Such crime-movie roteness wouldn’t be such a problem with a sturdier hand at the wheel, one capable of shaping a narrative, building tension, and executing a memorable action sequence. Amorim focuses most of his attention on recreating the vivid, color-saturated look of Chad Stahelski and David Leitch’s John Wick. The film also cribs the infamous ear-cutting scene from Quentin Tarantino’s Reservoir Dogs and the eerie fog-laden ambush sequence from Okamoto Kihachi’s The Sword of Doom, but Yakuza Princess lacks the precision and elegance of any of its reference points, as Amorim’s action sequences are mindless quick-cut flurries of clunky, indistinct hand-to-hand combat goosed up with ugly CGI blood splatter.

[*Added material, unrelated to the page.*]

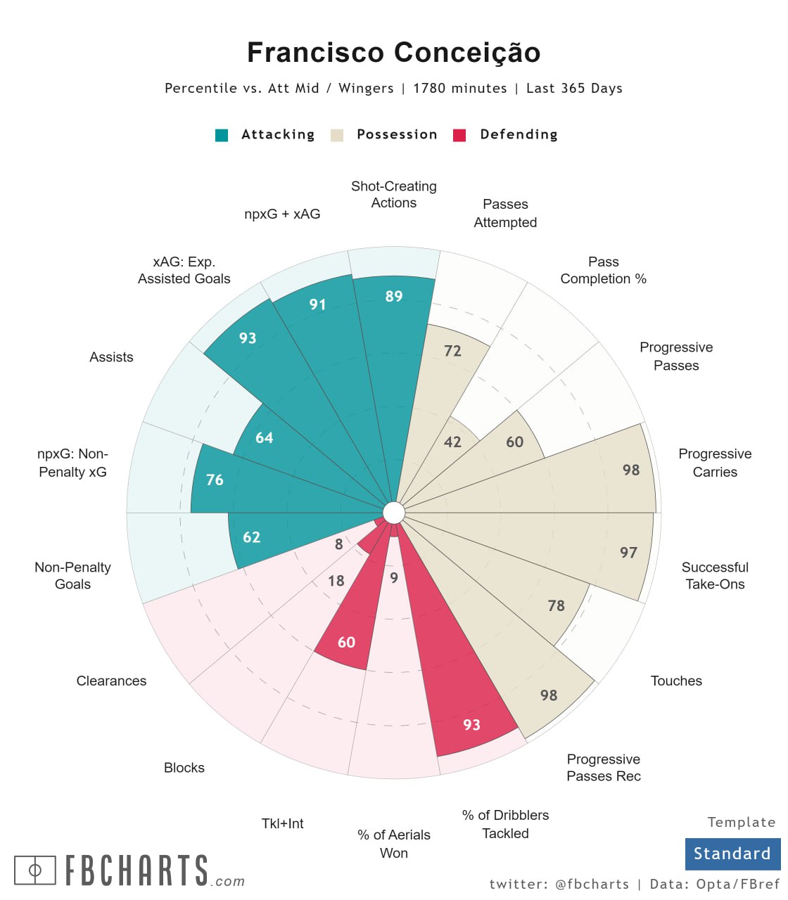 На дистанции в год Консейсау является одним из лучших дриблёров Старого Света. Шутка ли, весь базовый игровой арсенал техничного вингера Шику с лихвой закрывает своими действиями – везде перцентиль от 95-го:

But these fight scenes, however graceless they may be, at least offer some relief from the monotonous plodding of the narrative. Full of directionless passages that seem to be leading to some grand revelation or rousing confrontation that never arrives, the screenplay has a way of setting up intriguing plot elements it never follows through on. Take, for example, the revelation that the katana in Shiro’s possession is infused with the souls of the people that it’s slain—a mystical portent that Yakuza Princess has no idea what to do with.

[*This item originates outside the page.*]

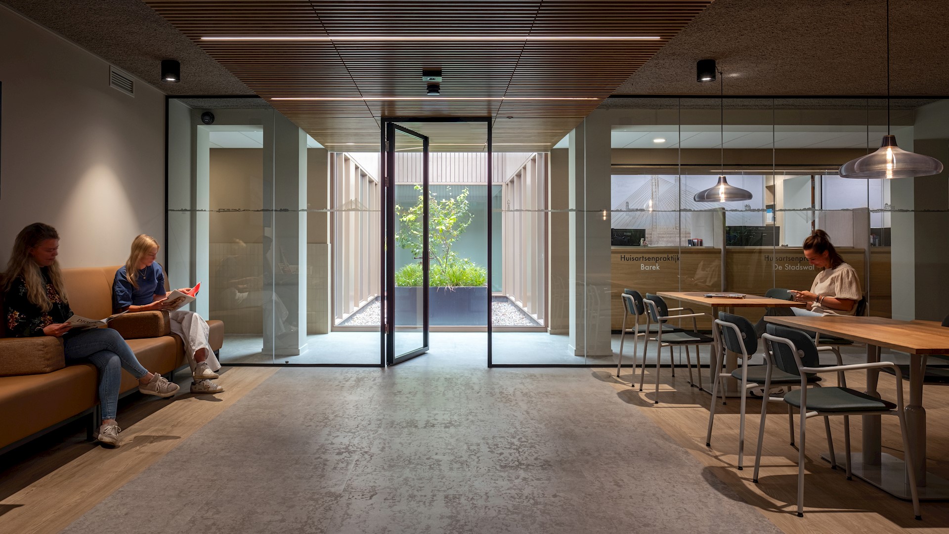 Deze ruimten zijn verbonden via een rondloop die door een accent in kleur en materiaal een uitgesproken karakter krijgt. De wachtruimte heeft warme materialen en een terughoudend kleurenpalet, wat een huiskamergevoel geeft. Bezoekers vinden vanuit daar eenvoudig hun weg naar de verschillende spreek- en behandelkamers.

Even more disappointingly, the film establishes a striking setting and then essentially ignores everything that makes it so unique. Yakuza Princess is set within São Paulo’s Liberdade neighborhood, home to the world’s largest ethnic Japanese population outside of Japan, which could have allowed for an exploration of the area’s fascinating cross-cultural pollination. But outside of a few evocative nighttime shots of street markets, Yakuza Princess reduces this distinctive milieu to a cliché, indistinguishable from the neon-soaked underworld environments of countless other crime pictures. And that’s the problem with the film in a nutshell: It doesn’t mash up styles, storylines, languages, and cultures so much as it emulsifies them, rendering everything it touches into a formless, flavorless sludge.